I’m trying to figure out what is the computation load of a program that computes speech processing features. For the moment the program takes and audio file and computes the power spectrum based on a FFT execution (with a scalable number of points).
This is the sequence of commands I use:
1-Init fftplan (just once at the beginning)
2-malloc memsize = sizeof(float)*fftSize on the GPU
3-malloc sizeof(cufftComplex)*fftSize on the GPU
4-for each frame:
4.a- copy memsize data from CPU to GPU
4.d- cufftExecR2C from float* to cufftComplex* on the GPU
4.e- run a kernel that computes power spec from cufftComplex* to float* on the GPU
4.f- copy memory back from the GPU
5-free all memory allocations and destroy plan
I’m using the visual profiler and to obtain this table (with a FFT of 512 points)
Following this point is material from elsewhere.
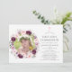 Violet, blush pink and deep velvet boho floral hand painted watercolor first holy communion invitation customisable to your specifics. A square shaped photo is recommended.

#calls gpu time cpu time %GPU time
r2c_radix2_sp 128433 13,9722 17,3196 73,1400
cu_powerSpec 128433 2,0796 16,4702 10,8800
memcopy 128433 3,0513 15,9700
and for 1024 points:
r2c_radix4_sp 128433 18,53 17,14 76,64
cu_powerSpec 128433 1,97 16,33 8,14
memcopy 128433 3,68 15,2
(Note that the second and third column are the averaged us).
- What is CPU time? CUDA_Profiler_2.0.txt says:
"The ‘gputime’ and ‘cputime’ labels specify the actual chip
execution time and the driver execution time (including gputime),
respectively. Note that all times are in microseconds. "
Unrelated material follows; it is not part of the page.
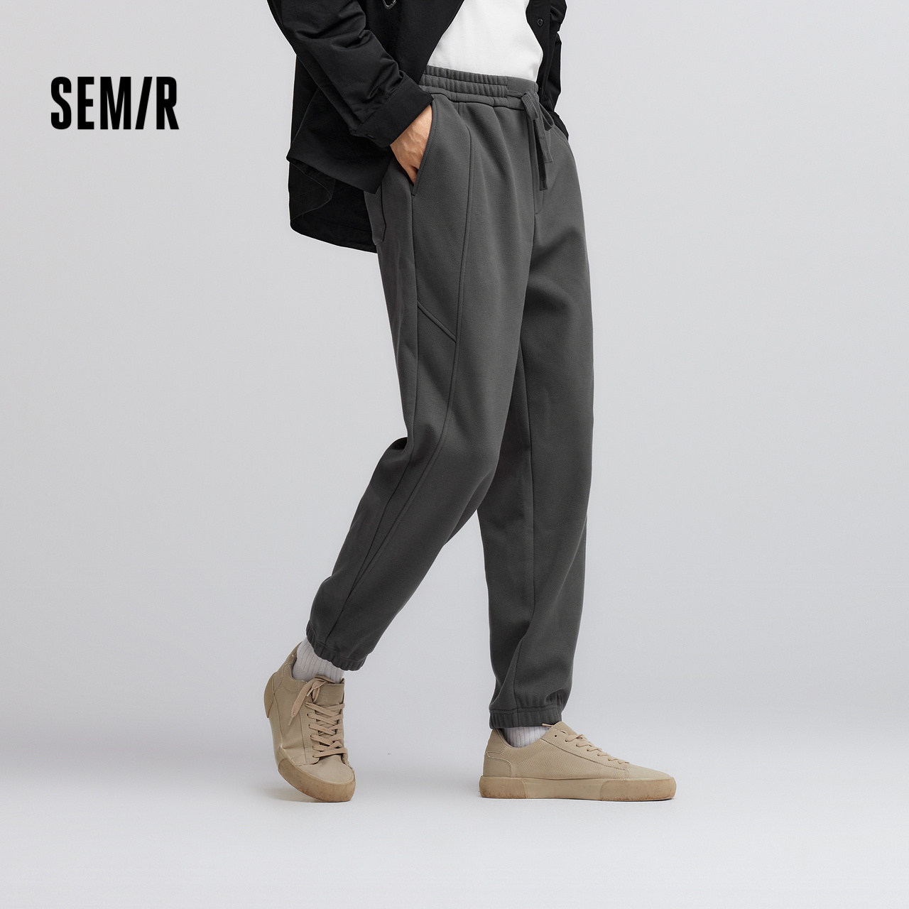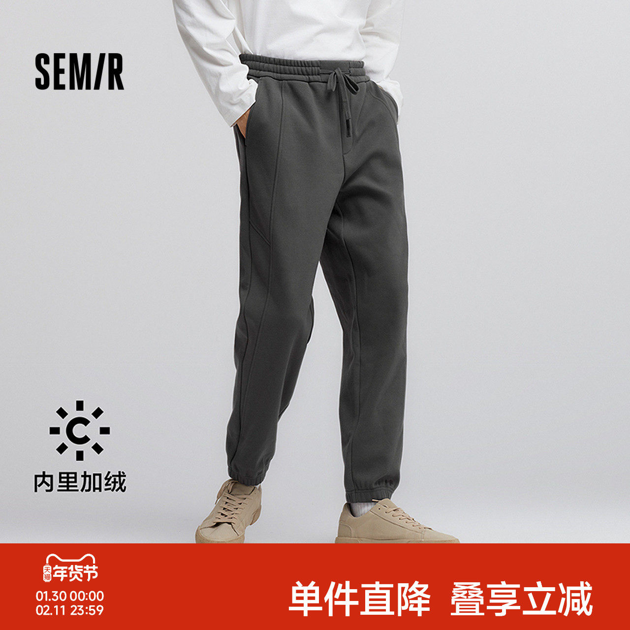 📚 [商场同款]森马休闲裤男2024冬季新款加绒束脚针织裤纯色百搭裤子

In the case of FFT, all data is already on the GPU. So, how come I have
CPU usage for this function?
If the CPU time includes the GPU time, how come the CPU time
is higher r2c_radix4_sp when using 1024 points?
- Why memcopy doesn’t differentiate between CPU usage and GPU?
- Why cudaMalloc doesn’t appear on the table?